燃燒的火焰旺盛,扭曲著影子,在桌案來回擺動,一會兒暗一會兒閃。

“......”

“要不,先救火?”

小傢伙抱著雙臂一動不動,似乎怒氣未消。

韋任清拍桌起身,脫下身上長袍,往燃燒的黑旗杆上撲去,動作謹慎小心,生怕長蛇般的火焰撓到自己。

“我好像見過你......很面熟,也很熟悉。”

“還有說我引鬼之類的......”

“說得天花亂墜,可怕至極,反正我不怕!”

“但不怕歸不怕,我好像真的忘記了一些重要的事情。”

“比如......我為什麼會在這裡,為什麼會失憶,還有我都幹了什麼?”

碎碎唸的韋任清罩下袍子,縮回雙手,詭異的事情發生了。

旺盛燃燒的火焰穿透衣袍,越過衣物,繼續在它身上肆意狂舞,彷彿從未有東西落下。

衣袍掛在黑旗杆子上,許久也未出現燒焦痕跡。

而旗面已經開始焦黑捲曲。

空氣突然安靜。

韋任清後退幾步,看見牆面上懸掛的銅鏡,銅鏡裡的自己,雙眼慘白,沒有一絲的黑色,瘮人的模樣嚇得他坐回桌案前。

“好好......快解釋一下......到底發生了什麼事吧!”

桌案對面的小傢伙微微一笑。

它的眼睛,和韋任清同樣慘白,只是眼眶周圍畫了一圈黑色。

它笑起來,臉部擠壓,生生擠出幾條黑線:“臭小子,你私自動用禁術,把無數的惡鬼引入人間!”

“過不久,就將民不聊生,天下大亂!”

“那麼嚴重嗎?”韋任清抱頭苦惱,“可我什麼都不記得啊!”

“廢話,這禁術代價之一就是失憶,人家兩兩配合,你倒好,一個人敢助鬼燃旗,簡直前所未有!”

小傢伙敲敲桌面,甩著它短小的手臂。

“等等,讓我捋一捋......”

韋任清撐著桌面,掰起手指頭來。

桌案上,還貼著幾張黃紙,上面的字跡既扭曲又醜陋。

“第一,我失憶了,對於昨晚發生的事一概不知。”

“錯,是剛剛發生的事,你剛醒。”

小傢伙糾正韋任清。

“失憶都要暈倒的嗎......”

“第二,我和你認識,但不知道你叫什麼,而且這裡是我的房間。”

小傢伙先是點了點頭,隨即又快速搖頭否定。

“不對,你記憶全亂了,你的房間是在隔壁!”

“那這裡是......”韋任清環顧四周。

除了房間正中央還在燃燒的黑旗,還有兩人對坐的桌案,陳設不多,牆面簡樸,只有幾張字畫,和一面銅鏡,還有便是牆角落灰的書卷,數量極大,堆滿一整個角落。

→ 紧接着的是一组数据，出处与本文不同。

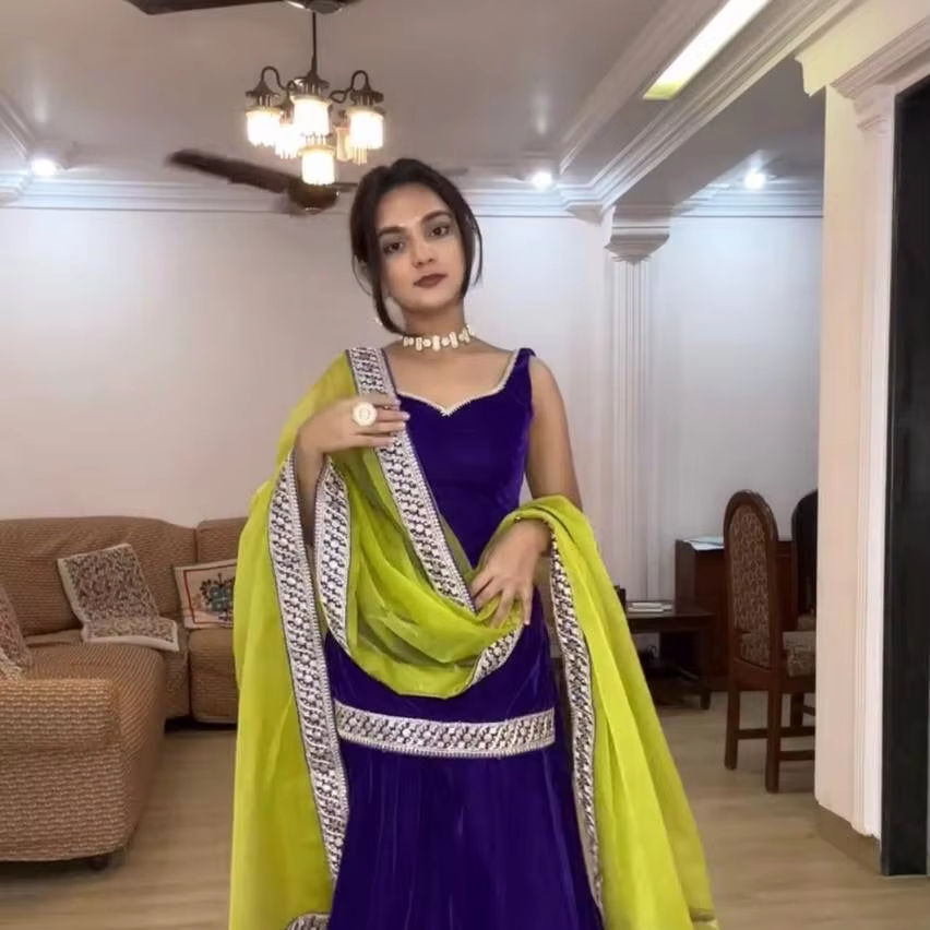 Product Name:Viscose Velvet Chine Stitch Embroidery Top Pant And Dupatta

奇怪的是,房間裡唯一一面窗戶被一層黃紙覆蓋,上面還寫滿歪斜的紅字,月光撒下,透進來詭異的光線。

“你師哥的房間。”

小傢伙扶額。

“還有,我是鬼差,叫我鬼差大人!”

“你一說我倒是想起來......”韋任清撇嘴,“狗屁鬼差大人嗎,稱呼你應該在前面加一個小字!”

小鬼差嘟囔:“什麼都記不住,就記住這個......”

韋任清嘿嘿一笑,起身想去摸小鬼差的圓滑大頭,可是手掌蓋過去,摸了空氣。

心裡瞬間發毛。

“怎麼......和那火一樣,都碰不著?”

“傻啊,我是鬼呀!”小鬼差屁股翹到桌案上,手指黑旗,“那火也是。”

“好......吧。第三,助鬼燃旗,聽起來不怎麼和善......我到底幹了什麼?”

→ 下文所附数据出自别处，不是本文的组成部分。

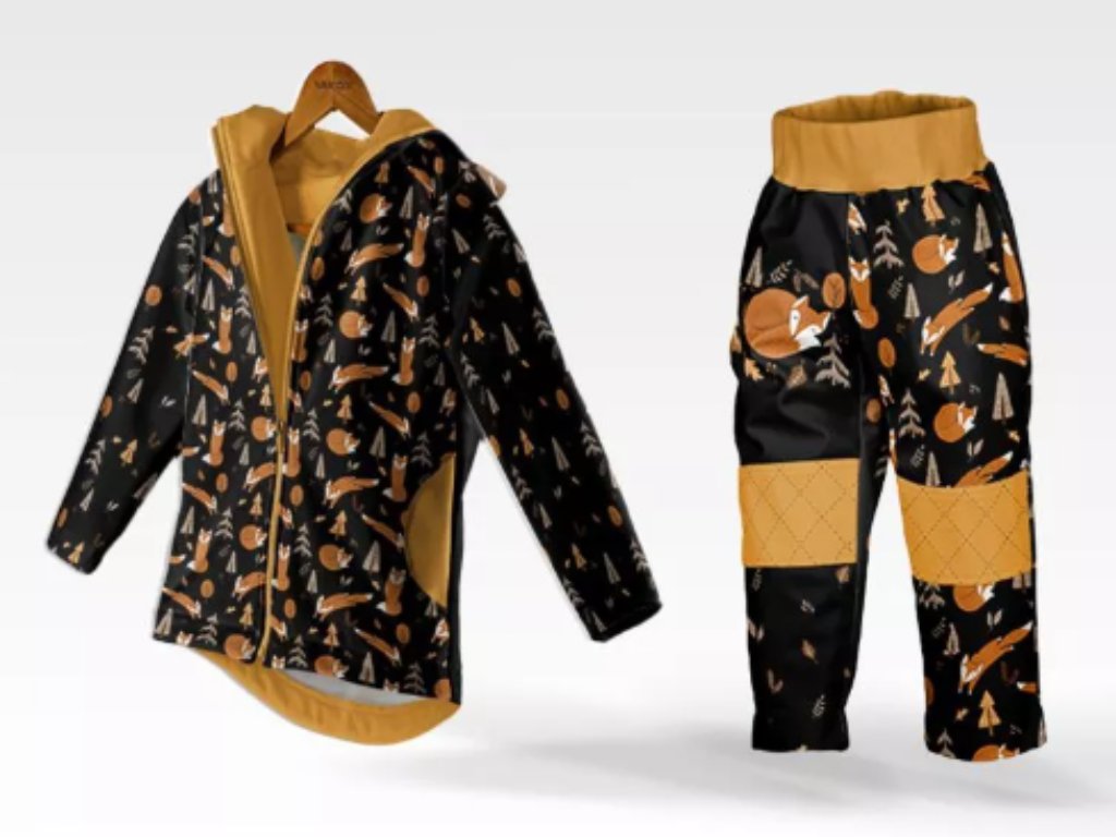 Set detská softshellová bunda a nohavice s fleecom, líška

“助鬼燃旗,藥師禁術之一,能將陰間之鬼引到人間來,從前他們兩兩配合,以一人失憶為代價,找到他們需要尋找的魂魄,但同時也會引來很多不相干的魂魄,它們藉此機會爭相取道進入人間,為禍四方,就是你們俗稱的鬧鬼。”

“此法術危害極大,早列為禁術之一。你應該是從古籍內習得,就在今夜,擺出了陣法。”

小鬼差看著持續燃燒的黑旗,氣定神閒,沒有了方才的急躁。

“這樣啊,我已大致瞭解,可以把火滅了吧!”

火焰的光亮越來越耀眼,甚至蓋過桌上的燭火。

小鬼差跳下桌面,搖搖擺擺地走到黑旗前。

“你不應該還要問,你為什麼要助鬼燃旗嗎?”

韋任清起身跟著小鬼差,火光在兩人慘白的眼球內映出淡黃色。

“那是為什麼呢?”

小鬼差破口大罵:“你奶奶的我也想問你!”

“我也是被你燃燒的光亮吸引上來,才看見你昏倒在這!”

“......”

韋任清撫摸有些許鬍渣的下巴,認真思索。

就這短暫的時間裡,小鬼差只是輕輕煽動手掌,旺盛的火焰便如山倒水淌般躺下熄滅,大火消失,只留下一塊焦炭一般的旗面和一根烏漆嘛黑的木棍。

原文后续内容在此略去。